A Dallas lab worker who spent much of a Caribbean holiday cruise in isolation tested negative for the deadly virus and left the Carnival Magic liner with other passengers after it docked at Galveston, Texas, early on Sunday morning.
The precautions taken for the cruise passenger reflected widespread anxiety over Ebola in the United States, including calls from some lawmakers for a travel ban on West Africa.
The worst outbreak on record of the virus, which is spread by contact with bodily fluids of sick people, has killed more than 4,500 people, mostly in Liberia, Sierra Leone and Guinea.
Liberian President Ellen Johnson Sirleaf urged on Sunday stronger international action to bring the epidemic under control, saying the disease was unleashing an economic catastrophe that will leave a "lost generation" of young West Africans..
In the United States, the first person to be diagnosed with the disease was Thomas Eric Duncan, a Liberian who fell ill while visiting Dallas last month. He died on October 8, and two nurses who treated him were infected. This triggered a lengthy watch list of people who had had possible contact with them.
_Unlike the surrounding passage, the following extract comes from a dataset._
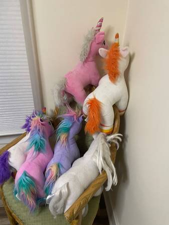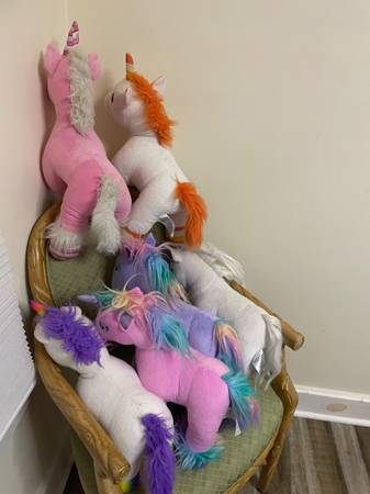 Lot of (6)gently used BUILD-A-BEAR Unicorns. Local pickup welcomed. Cash upon pickup. Please let me know if you need additional pictures?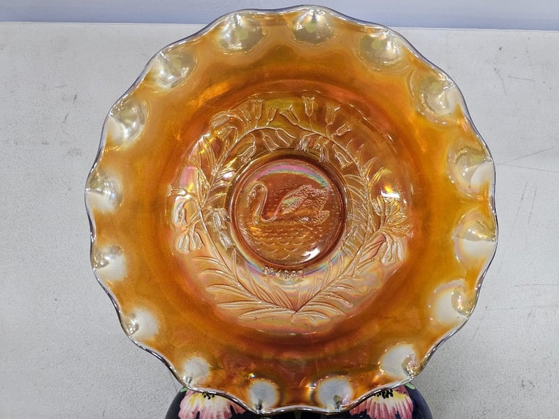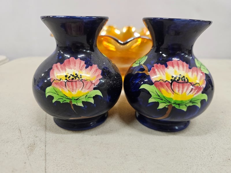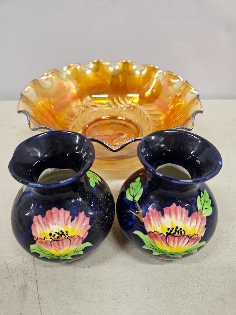 VINTAGE CARNIVAL GLASS BOWL WITH PAIR OF HAND-PAINTED CERAMIC VASESItem Size: Height: 12cm, Width: 33cm, Depth: 25cm, Weight: 1KgCondition: Good - Refer To Images587948+9

At midnight, some 48 people who might have been in contact with Duncan will no longer require monitoring for signs of the virus, health officials say.
On Monday, more were expected to end 21 days of monitoring -- the incubation period for the virus.
They would include Duncan's fiancee, Louise Troh, her 13-year-old son and two other people who have been in mandatory quarantine at an undisclosed location in Dallas.
"They will be free to go ... It will expire for them at midnight tonight and that's going to be a good thing for those families who've been through so much and we're very happy about that," Clay Jenkins, Dallas County's top official, said in an interview on ABC's "This Week."
There are still 75 health workers in Dallas who have isolated themselves and are being monitored.